A man in blue walks to the back of his car, both hands locked behind his head in regret. His car is the third in a three-vehicle collision. At the top of the accident, a green SUV revs, tires whirring on the wet asphalt, trying to lose the car lodged into its rear. The man whose car is sandwiched between them looks on with distress. The SUV finally breaks free. The driver looks into his side mirror, shakes his head, and accelerates away. That moment, the intensity of the rain on Third Mainland Bridge increases from mild showers to blinding torrents and the two wet figures beside their broken cars recede into the darkness.
There are cars bumper-to-bumper up the road, red lights flickering through the wet windshield, as far as the eyes can see, past wipers in their synchronised dance. There are two more collisions like the one on the bridge. Horns blare. At the head of the traffic jam, there’s nothing—no broken cars or blocked access.
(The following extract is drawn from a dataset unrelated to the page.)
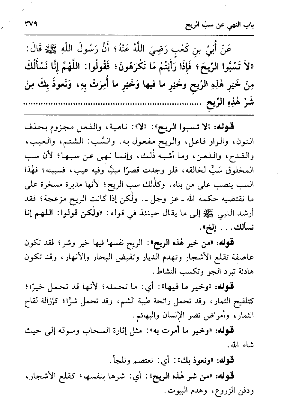 عن أبي بن كعب رضي الله عنه أن رسول الله صلى الله عليه وسلم قال: " لا تسبوا الريح; فإذا رأيتم ما تكرهون; فقولوا: اللهم إنا نسألك من خير هذه الريح، وخير ما فيها، وخير ما أمرت به، ونعوذ بك من شر هذه الريح..................

Just an exit from the service lane that drivers are trying to pass through from both sides at once. (Scenario for the start of the Lagos apocalypse: an impatient driver takes a wrong turn.)
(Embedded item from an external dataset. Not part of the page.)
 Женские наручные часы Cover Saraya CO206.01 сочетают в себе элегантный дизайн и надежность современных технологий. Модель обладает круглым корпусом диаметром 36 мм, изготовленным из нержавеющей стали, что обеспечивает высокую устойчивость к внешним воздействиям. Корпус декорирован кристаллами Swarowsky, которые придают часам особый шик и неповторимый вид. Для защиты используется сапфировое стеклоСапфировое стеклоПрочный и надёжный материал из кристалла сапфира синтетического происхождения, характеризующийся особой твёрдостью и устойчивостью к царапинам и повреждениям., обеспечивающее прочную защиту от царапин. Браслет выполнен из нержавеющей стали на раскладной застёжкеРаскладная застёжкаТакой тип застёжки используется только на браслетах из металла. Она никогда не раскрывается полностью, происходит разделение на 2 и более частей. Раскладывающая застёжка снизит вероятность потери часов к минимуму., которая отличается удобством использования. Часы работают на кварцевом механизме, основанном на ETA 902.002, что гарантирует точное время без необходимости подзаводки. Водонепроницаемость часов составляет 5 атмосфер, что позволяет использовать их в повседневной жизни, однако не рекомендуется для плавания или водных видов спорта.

Under a makeshift restaurant made of a tent with nylon covering and yellow bulbs hung on metal poles, men and women eat hot instant noddles. Their cars are packed beside the street, starting from the end of the Suya-seller at the junction. The chef, apron around his neck, lifts his head to look at me as I rush past his joint. Under a mango tree at the end of the street where the cars are packed, a man stands wet, fiddling with the leaves. It’s his usual spot, even in the day. He is dressed in singlet and shorts, oblivious to the cold. He communes with the tree, muttering in words not intelligible to me.
A man in a red shirt and brown trousers staggers past the spot where the other man communed with the tree at night. He staggers left; I go right. He goes right; I go left. We repeat the dance as the gap between us shrinks. I escape a body slam by swiveling with a balletic spin. I know the crazy guy: he was not the one talking to the tree.